Неподалеку кто-то выкапывал своих покойников, одна женщина тщательно убиралась в семейном склепе. Она понимала: нужно навести такой порядок, чтобы хватило очень надолго. Я отыскал могилку Катицы и так задумался о ней, что не услышал, как подошел отец. Внезапно за спиной раздался его голос:
— Сербская девочка тебе сильно нравилась, да? Если хочешь, я поставлю скамейку и здесь, будешь сидеть здесь, сколько пожелаешь.
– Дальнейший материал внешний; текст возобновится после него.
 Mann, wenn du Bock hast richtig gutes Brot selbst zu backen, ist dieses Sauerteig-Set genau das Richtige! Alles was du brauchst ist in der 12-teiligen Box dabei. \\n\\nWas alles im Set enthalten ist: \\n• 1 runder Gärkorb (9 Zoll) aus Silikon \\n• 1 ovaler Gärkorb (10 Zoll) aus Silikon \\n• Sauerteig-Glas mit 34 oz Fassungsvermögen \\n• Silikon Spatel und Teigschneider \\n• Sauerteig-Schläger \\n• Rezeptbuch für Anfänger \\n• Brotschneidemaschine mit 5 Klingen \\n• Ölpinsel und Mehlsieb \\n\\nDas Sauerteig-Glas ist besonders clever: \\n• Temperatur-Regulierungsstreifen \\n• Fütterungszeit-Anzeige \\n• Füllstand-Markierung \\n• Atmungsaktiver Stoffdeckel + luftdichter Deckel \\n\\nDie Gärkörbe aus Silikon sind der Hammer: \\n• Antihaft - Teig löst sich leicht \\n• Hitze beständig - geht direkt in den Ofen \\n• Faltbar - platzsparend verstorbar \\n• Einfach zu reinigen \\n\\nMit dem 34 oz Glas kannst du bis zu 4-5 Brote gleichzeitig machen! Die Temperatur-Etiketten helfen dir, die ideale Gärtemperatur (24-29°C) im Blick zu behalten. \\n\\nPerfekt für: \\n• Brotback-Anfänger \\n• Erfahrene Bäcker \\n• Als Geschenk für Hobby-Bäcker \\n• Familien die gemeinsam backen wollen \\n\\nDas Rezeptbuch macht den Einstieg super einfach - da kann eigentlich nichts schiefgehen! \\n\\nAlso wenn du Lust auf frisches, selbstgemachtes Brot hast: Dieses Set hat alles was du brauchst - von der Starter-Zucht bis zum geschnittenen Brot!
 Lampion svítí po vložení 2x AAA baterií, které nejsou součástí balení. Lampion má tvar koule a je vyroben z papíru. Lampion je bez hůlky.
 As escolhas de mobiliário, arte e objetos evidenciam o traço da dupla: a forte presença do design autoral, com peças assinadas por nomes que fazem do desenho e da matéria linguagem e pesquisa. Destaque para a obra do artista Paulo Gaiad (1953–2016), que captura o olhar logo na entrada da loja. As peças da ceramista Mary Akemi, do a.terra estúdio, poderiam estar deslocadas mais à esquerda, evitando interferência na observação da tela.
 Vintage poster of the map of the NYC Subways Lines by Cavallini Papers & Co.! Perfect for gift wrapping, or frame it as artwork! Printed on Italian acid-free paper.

По вечерам я разогревал еду, которую днем готовила нам соседка. Я долго смотрел на отца, и у меня появилось какое-то новое чувство. Теперь, накануне отъезда, я понял, что мог бы заботиться об этом человеке, получужом и полуродном мне. Даже любить его. Это было бы не труднее, чем все, что я и так уже делал.
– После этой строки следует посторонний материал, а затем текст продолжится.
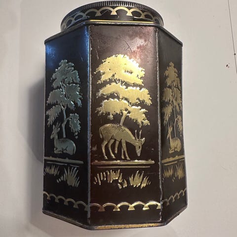 Høyde 12 cm, diameter 9 cm, relativt tung. Sekskantet. Unik sak med intakt stopper. Kobber eller bronse-legering.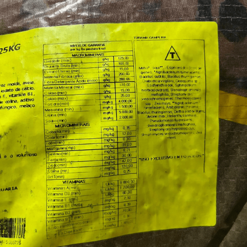 Farelo de arroz desengordurado, casca de arroz moída, farelo de trigo, milho integral moído, melaço líquido, calcário calcitico, cloreto de sódio, iodato de cálcio, sulfato de manganês, óxido de zinco, selenito, de sódio, sulfato de cobre, sulfato de colbato, sulfato de ferro, ácido pantotênico, cloreto de colina, biotina, vitamina A, vitamina B1, vitamina B2, vitamina B12, vitamina D3, vitamina E, vitamina K3, ácido nicotínico, caulim, óleo de arroz degomado, antioxidante, (BHT)e aditivo adsorvente (Bentonita).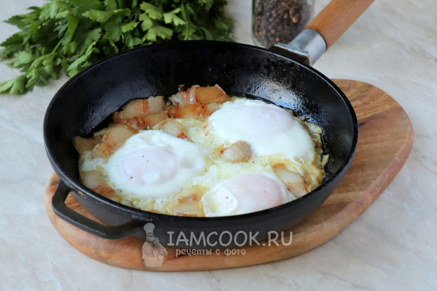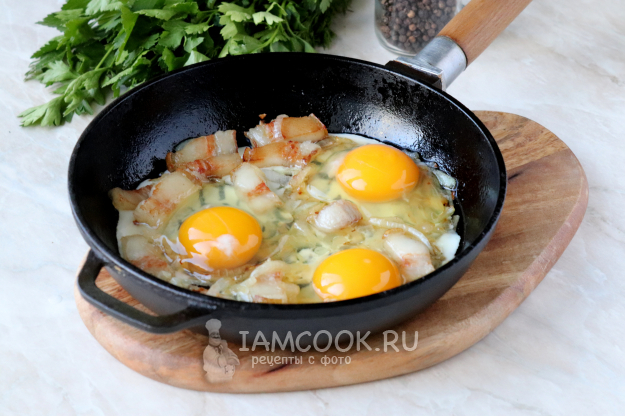 Жарьте его до румяного цвета, периодически помешивая, около 5 минут. За это время в сковороде появится достаточное количество вытопленного жира, на котором мы и будем жарить яйца, поэтому растительное масло добавлять не нужно.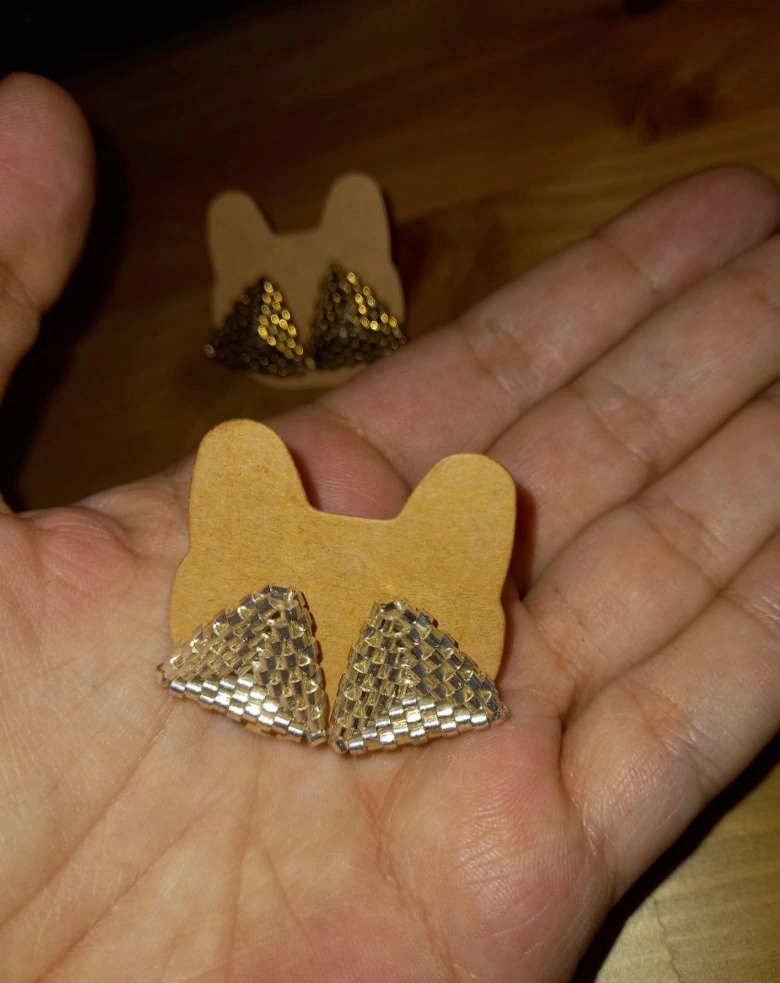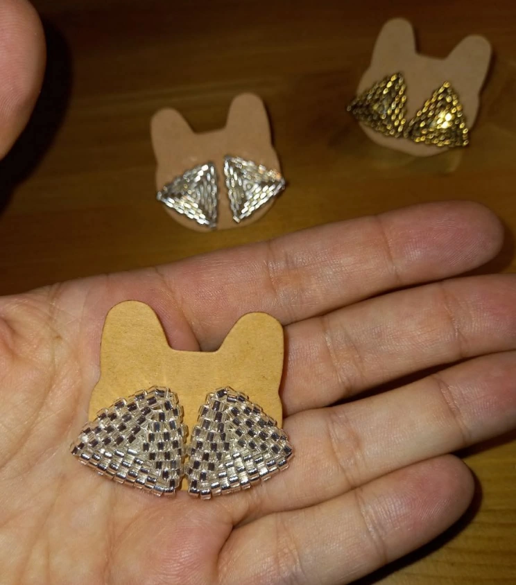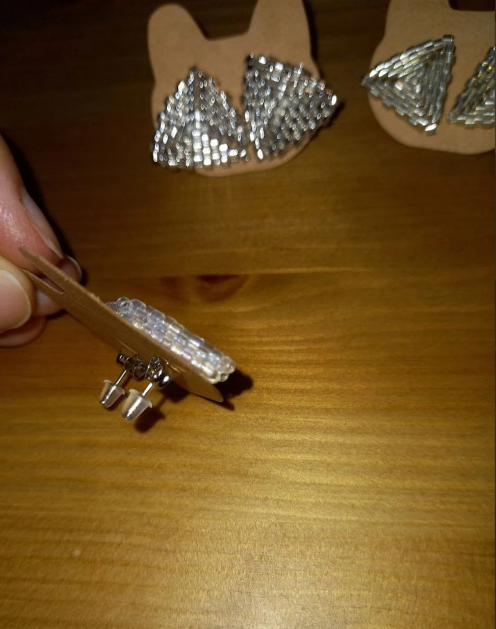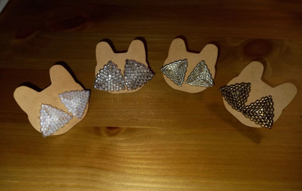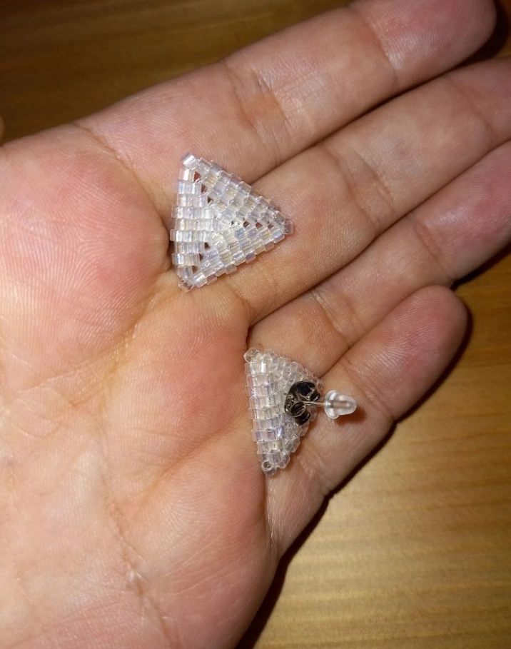 Selling these cute handmade beaded triangle stud earrings! They're in great condition and ready to add a little sparkle to your day Elevate your everyday style with these miniature, double-sided triangle earrings, meticulously handwoven from seed beads and finished with hypoallergenic stainless steel studs for all-day comfort and shine. 🎨 Available in 4 elegant colors: • Light Silver – 2 cm (0.79 in) • Silver – 1.5 cm (0.59 in) • Transparent Shiny White – 1.5 cm (0.59 in) • Bronze – 1.5 cm (0.59 in) 🧵 Crafted using the peyote stitch technique 🔩 Stainless steel posts – perfect for sensitive ears 🌟 Lightweight, modern, and easy to style 🎁 Makes a thoughtful handmade gift 📍 Made in Airdrie, Alberta 🇨🇦 Any color is possible) 💲 Only $25 CAD per pair 📬 Shipping across Canada | Free local pickup in Airdrie

Когда мы уже довольно долго лежали в темной холодной ночи и отец какое-то время не шевелился, я тихо произнес: «Я вообще не был в Сибири. Я вовремя сумел спрыгнуть с поезда». Его дыхание на секунду замерло, но больше не было никаких признаков, что он меня услышал. Утром я сварил кофе, поставил чашку рядом с кроватью и, поскольку отец не просыпался, ушел на работу один.
Когда пошел слух, что в Лотарингии нас ждет жизнь вряд ли лучше здешней, чуть ли не половина семей, собиравшихся уехать, передумала. Тем более многие вновь стали надеяться на возвращение родных из Сибири — поговаривали, что в соседние деревни вернулось несколько мужчин и женщин. На отъезд же были настроены в основном те, кто считал, что им будет там легче, потому что их фамилии похожи на французские или они немного говорят по-французски.
Утром 13 мая 1951 года на маленький полустанок в чистом поле, откуда обычно отправлялись в Темешвар, прибыли три состава. Один пассажирский и два товарных. Весь день до глубокой ночи люди свозили туда на лошадях и волах все, что не хотели оставлять в Трибсветтере: массивную, добротную мебель (швабы предпочитали такую) — буфеты, шкафы, кровати, столы; одежду, посуду, постельное белье и матрасы; плуги, мешки, под завязку набитые зерном, мукой и картошкой. Постепенно дворы отъезжающих — в каком-то смысле они все еще принадлежали им — пустели, а товарные вагоны наполнялись.